Electrorheological effect of carbonaceous materials with hierarchical porous structures

https://doi.org/10.1016/j.colsurfa.2009.02.036Get rights and content

Abstract

Carbonaceous materials with different hierarchical porous structures for electrorheological (ER) dispersed phase have been synthesized by carbonization of as-prepared starch/silica precurser at different temperatures. The N2 adsorption isotherms show that Cmeso-700 and Cmeso-500 particles have the BET surface areas of 1028 and 603 m2 g−1, respectively. They both have the mesoporous pores with size of about 4.6 nm and the microporous pores (1.1 and 1.5 nm, respectively).

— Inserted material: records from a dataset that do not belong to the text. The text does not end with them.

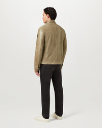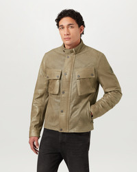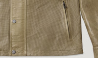 Our Racemaster Air jacket in Dark Sand is a modern interpretation of an iconic style in summer leather. The signature fabric is a full-grain leather that has been waxed by hand to create a rich, polished finish with a lived-in, vintage look, with perforated detailing that makes it exceptionally breathable. This clever design is water-resistant, highly durable and will age beautifully. DETAILS - Centre front zip fastening, snap button placket - Snap tab collar - Cord lined cuff and neck - Slanted map pocket - Belstaff's leather products support responsible manufacturing via the Leather Working Group - 100% cow leather - Made in Italy - Product ref: 106124DKSND SIZE AND FIT - Cut for a regular fit - Model wears a size US 40 - Model measures: Height: 6.0", Chest: 42.5", Waist: 34"
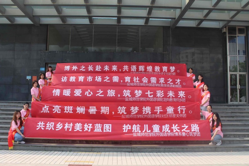今年的暑期社会实践公司组建实践队五支,分别为“博外之长赴未来,共语辉煌教育梦”外语文化助力团队、“访教育市场之需,育社会需求之才”教育资源勘察团队、“情暖爱心之旅,筑梦七彩未来”定向教育归乡团队、“点亮斑斓暑期,筑梦携手童行”社区邻里关怀团队、“共织乡村美好蓝图,护航儿童成长之路”情系童心筑梦团队。
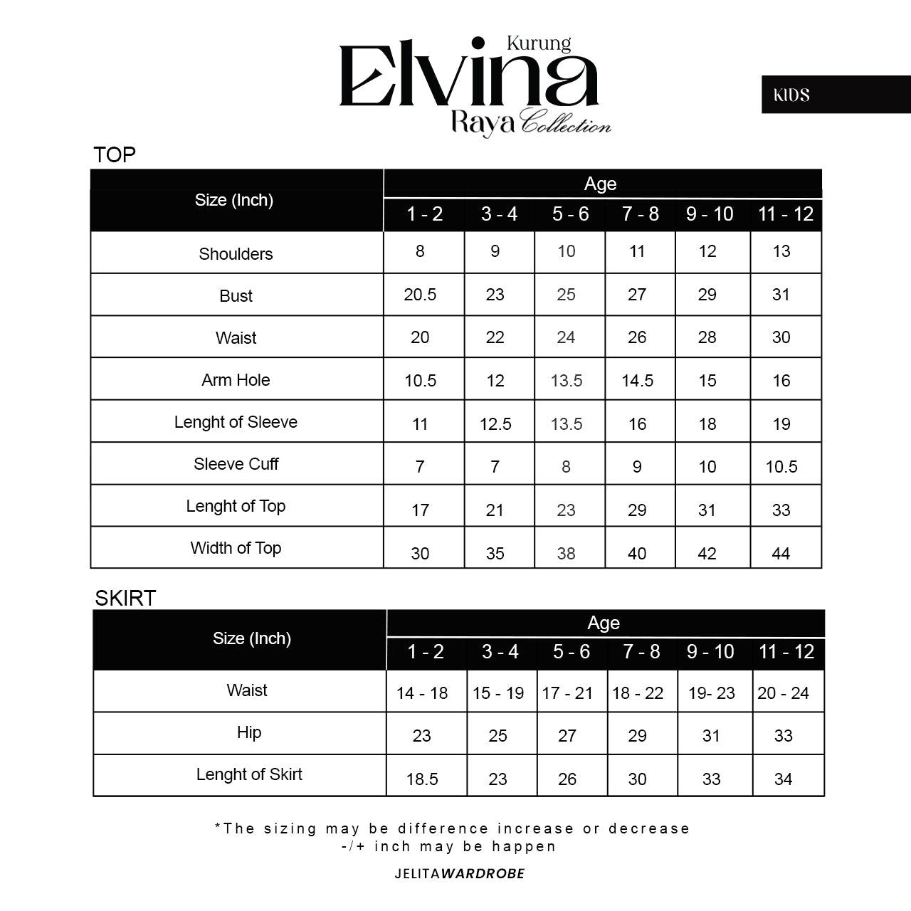 Ukuran setiap koleksi adalah berbeza, sila rujuk carta ukuran saiz. Disebabkan faktor pembuatan, ukuran yang dinyatakan ada variasi perbezaan lebih kurang 1 inci dari yang dinyatakan.
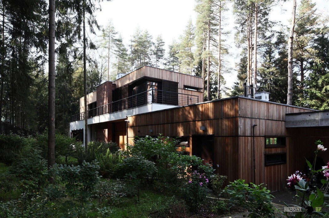 Двухэтажное здание с оригинальным экстерьером расположилось в очень живописном месте с множеством хвойных деревьев вокруг. Контрастные сочетания цветов, использованные в отделке дома, позволяют ему выделяться не только среди деревьев, но и среди соседних здания. Здание из стекла и бетона могло бы казаться «прохладным», с мотивами индустриальности, если бы не теплый коричневый цвет оформления оконных и дверных проемов и не облицовка некоторых вертикальных поверхностей с помощью реечных панелей из древесины.
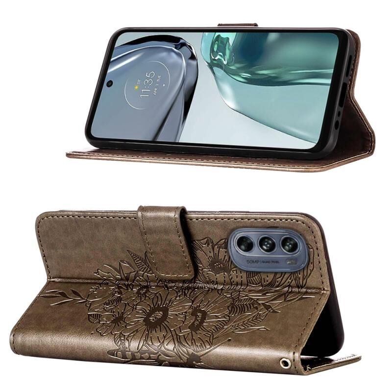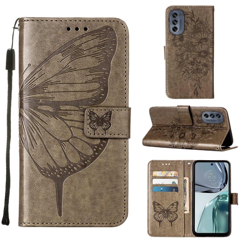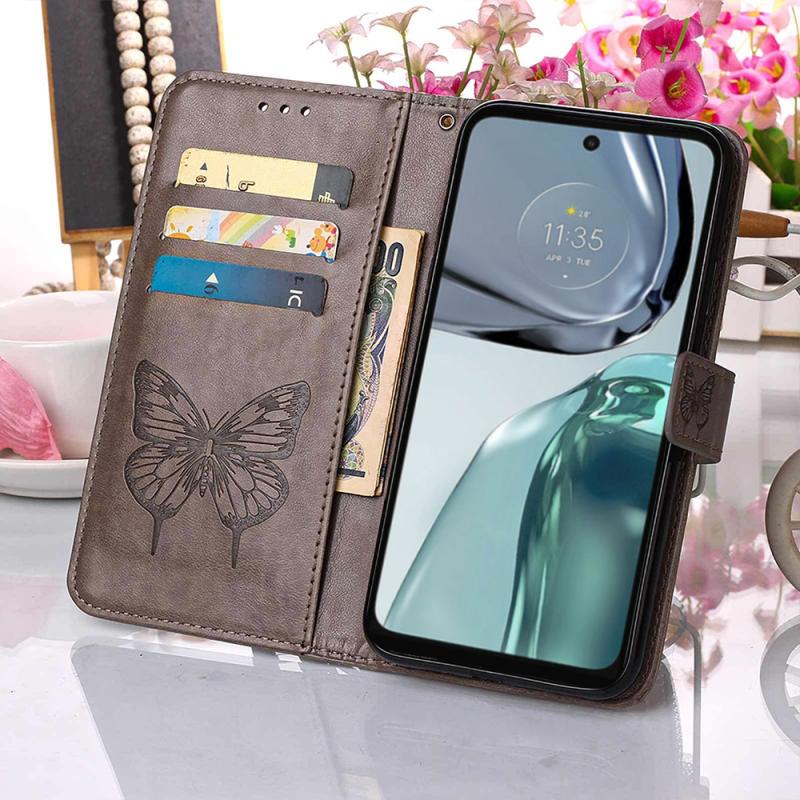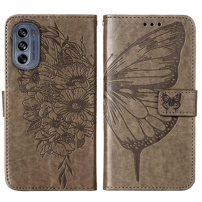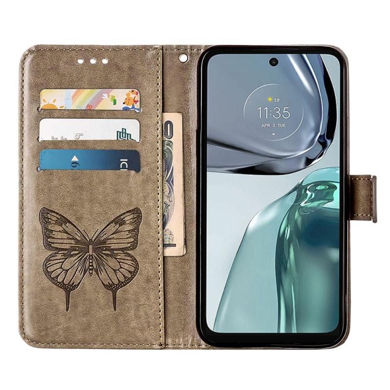 Θήκη τηλεφώνου από δέρμα με ανάγλυφο σχέδιο πεταλούδας και λειτουργία flip για Motorola Moto G62 5G (Γκρι)
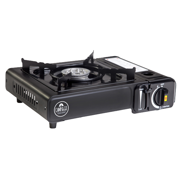 כירת גז ניידת לבישול בשטח, מבער גז עוצמתי לבישול והרתחה, כולל מנגנון אבטחה למניעת דליפת גז, כפתור ווסת לשליטה בעוצמת הגז.
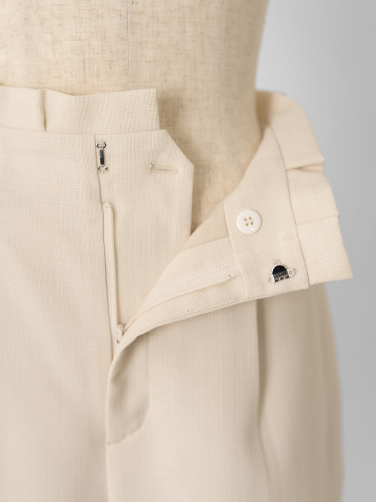 ベーシックにたくさん着回したいパンツだからこそ、お客様のアンケート結果をもとに、素材やディテール、サイズ感まで丁寧に検討して仕上げた一枚です。
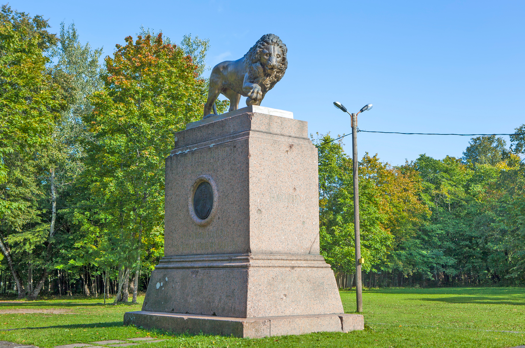 В пяти минутах ходьбы от пушки вглубь парка вы обнаружите скульптуру льва на гранитном пьедестале. Это памятник на могиле героя Наполеоновских войн, генерала Карла Бистрома (по прозвищу «генерал Быстрый»), поставленный за счет его сослуживцев по гвардейскому корпусу на территории генеральского имения Романовка. Сама усадьба не сохранилась, но на льва, изваянного по модели скульптора Петра Клодта, стоит обратить внимание.

The BET surface areas and C/O atomic ratio of porous carbon materials can be increased with the carbonization temperatures. The rheological measurements indicate that the Cmeso-700 and Cmeso-500 ERF have the better ER effect resulted from their hierarchical porous structures. The shear stress of Cmeso-700 ERF is 900 Pa at 1000 s−1 under 3 kV mm−1, which is almost 4.5 times larger than that of Cmicro-350 ERF. The mesoporous carbon ERFs also show the better sedimentation stability than microporous carbon ERFs. The different ER effect of carbonaceous particles may derive from their different dielectric polarization property induced by the hierarchical porous structures.

Introduction

Electrorheological fluid (ERF) is a kind of novel intelligent soft matter as a two-phase suspension system formed by solid particles dispersing in the insulating medium oil. It can transform between a liquid-like state and a solid-like state under the external electric fields within several milliseconds and can be used in various industries [1], [2], [3]. Many kinds of organic or inorganic particles and their composites [4], [5], [6] have been used as the ER materials. In recent years, more attention have been paid on particles possessing of some specific structures, for the surface and interface polarization associated to the ER effects have been promoted by these structures. Zhao and Yin [7] developed the rare-earth-doped titania ER materials according to the dielectric design and found the distinct enhancement in their yield stress due to defect and impurities of TiO2 doping with different valent Cr ions. Furthermore, the mesoporous rare-earth-doped TiO2 particle [8] have been proofed to have high ER activity in which both the active internal structure and interface or surface structure merit the pursuit of suitable dielectric and conduction properties of the particles. To improve the dielectric response of particles, new kind particles with core-shell structures were introduced and obtained a lot of success [9], [10]. The nano-microscale complex structures [11] were also developed to improve the wettability and dielectric property of nanopapilla particles which was important to their ER effects. It is found that the mesoporous structures within the TiO2 particles can improve the surface polarization ability and the anti-sedimentation capability, which can lead to a higher ER effect [8]. In addition, carbonaceous materials have shown some improvements in ER fields [12], [13], [14], [15], but these conventional materials only have the microporous structures regardless of their originals and preparation. The correlations between ER activities and the hierarchical porous structures, such as micro/meso or meso/macro-hierarchical porous structures are few or no reported. It needs further understanding to realize the effect of the various porosity. By dint of carbonization of as-prepared starch/silica composites, the micro/meso-hierarchical porous structures carbonaceous materials were synthesized and used to reveal the relationship between ER effect and the intrinsic structures of the particles.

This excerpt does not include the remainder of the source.